As Eliade explains, literary narrative dealing with underworld journeys, as
well as with supernatural events, typical of epic and heroic tales as those by
Virgil, Dante, Shakespeare, and Milton, are borrowings from shamanic
narratives, which describe the shaman’s spiritual ecstatic journeys: “Probably
a large number of epic ‘subjects’ or motifs, as well as many characters,
images, and clichés of epic literature, are, finally, of ecstatic origin …
borrowed from the narratives of shamans … their journeys in the superhuman
worlds.”
Eliade
goes on to say that poetic inspiration itself finds a parallel in shamanic
practices. The shaman’s preparation for entering the spiritual world suggests
the same mystical freedom that pervades poetic creation:
Poetic creation still remains an act of perfect
spiritual freedom. Poetry remakes and prolongs language, that is, the creation
of a personal universe, of a completely closed world. The purest poetic act
seems to re-create language from an inner experience that, like the ecstasy or
the religious inspiration of “primitives,” reveals the essence of things. It is
from such linguistic creations, made possible by pre-ecstatic “inspiration,”
that the “secret languages” of the mystics and the traditional allegorical
languages later crystallize.
Thus, we can say that this secret language, with which
the shaman summons the spiritual beings, parallels, if not originates, the
inner experience that will be translated into poetry.
1 comment:
all of this is out of Santos' 'The Poetics of Shaminism' ?
and much here of your post is 'on-the-money'
as what we call myths, it seems to me, have their roots and basis/ basics ..... actually .... in facts.

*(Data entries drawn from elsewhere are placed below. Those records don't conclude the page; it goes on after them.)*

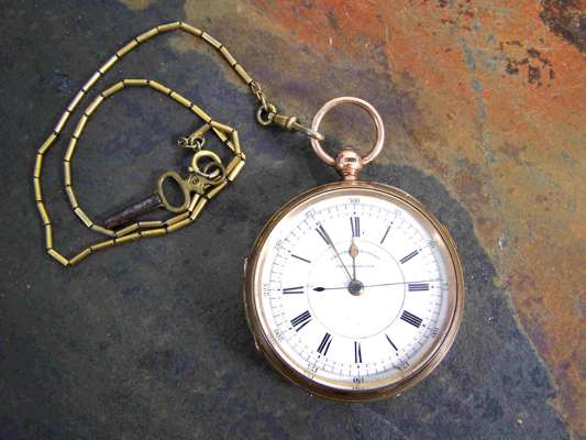 A late Victorian 9ct gold open faced chronograph pocket watch,
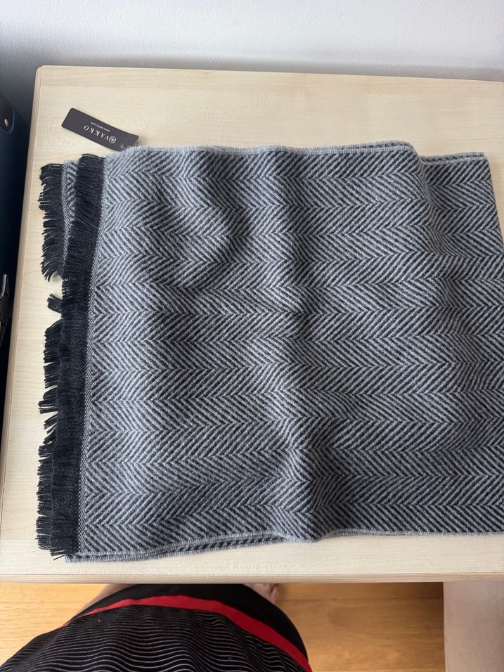 Gri erkek atkı, hafif kılçık desenli ve yumuşak dokulu, rahat ve modern bir stile sahiptir, uçları püsküllüdür.
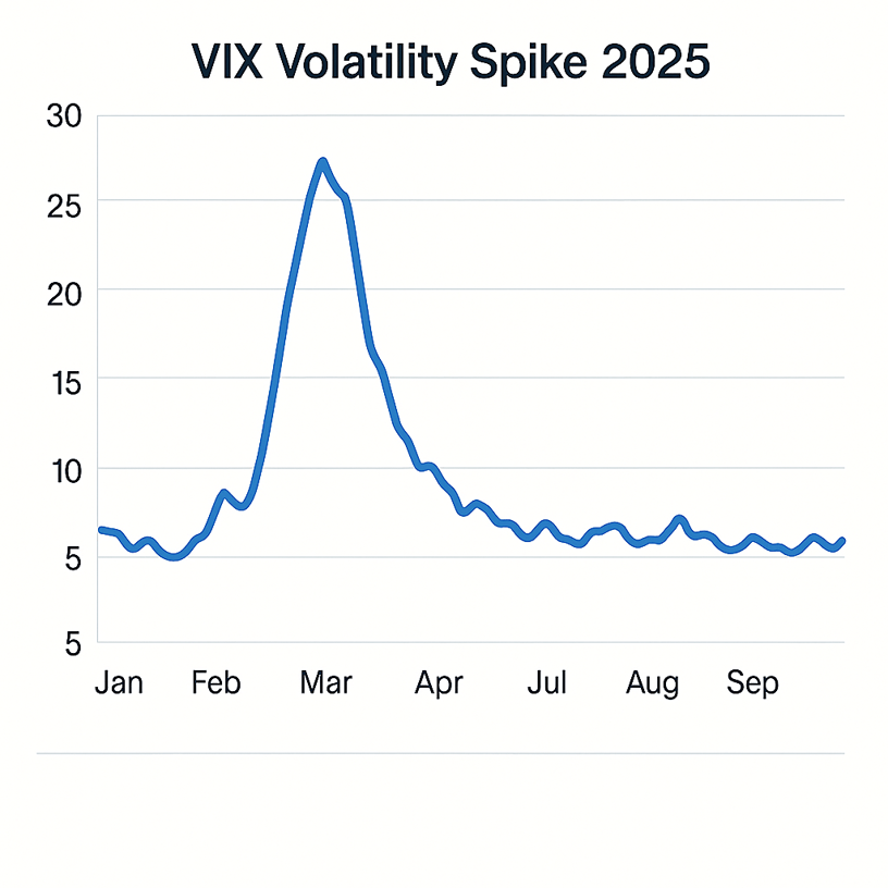 Early in the year, two shocks shook confidence: a brief military flare-up in the Middle East and renewed U.S.–China/global tariff threats. Combined with a hawkish Federal Reserve, the headlines spurred fears of recession. The S&P 500 fell sharply, and the VIX hit panic levels. - Relief and Recovery (Q2–Q3)

so, this brought a tear to my eyes.. the external one AND the internal one:
Poetic creation still remains an act of perfect spiritual freedom. Poetry remakes and prolongs language, that is, the creation of a personal universe, of a completely closed world. The purest poetic act seems to re-create language from an inner experience that, like the ecstasy or the religious inspiration of “primitives,” reveals the essence of things. It is from such linguistic creations, made possible by pre-ecstatic “inspiration,” that the “secret languages” of the mystics and the traditional allegorical languages later crystallize.
"Thus, we can say that this secret language, with which the shaman summons the spiritual beings, parallels, if not originates, the inner experience that will be translated into poetry.
am now into Saraswati's introduction to (his translation and 'take' on the Sri Saundarya Lahari
which also takes us wayyyyyy back into the Paleolithics/Neolithics of the
"just-what-was-yet-is" a simultaneity ... and what is
unconditional
thanks, will track down The Poetics of Shaminism and
will send you (my) Shakthi drawings via a pdf... soonly.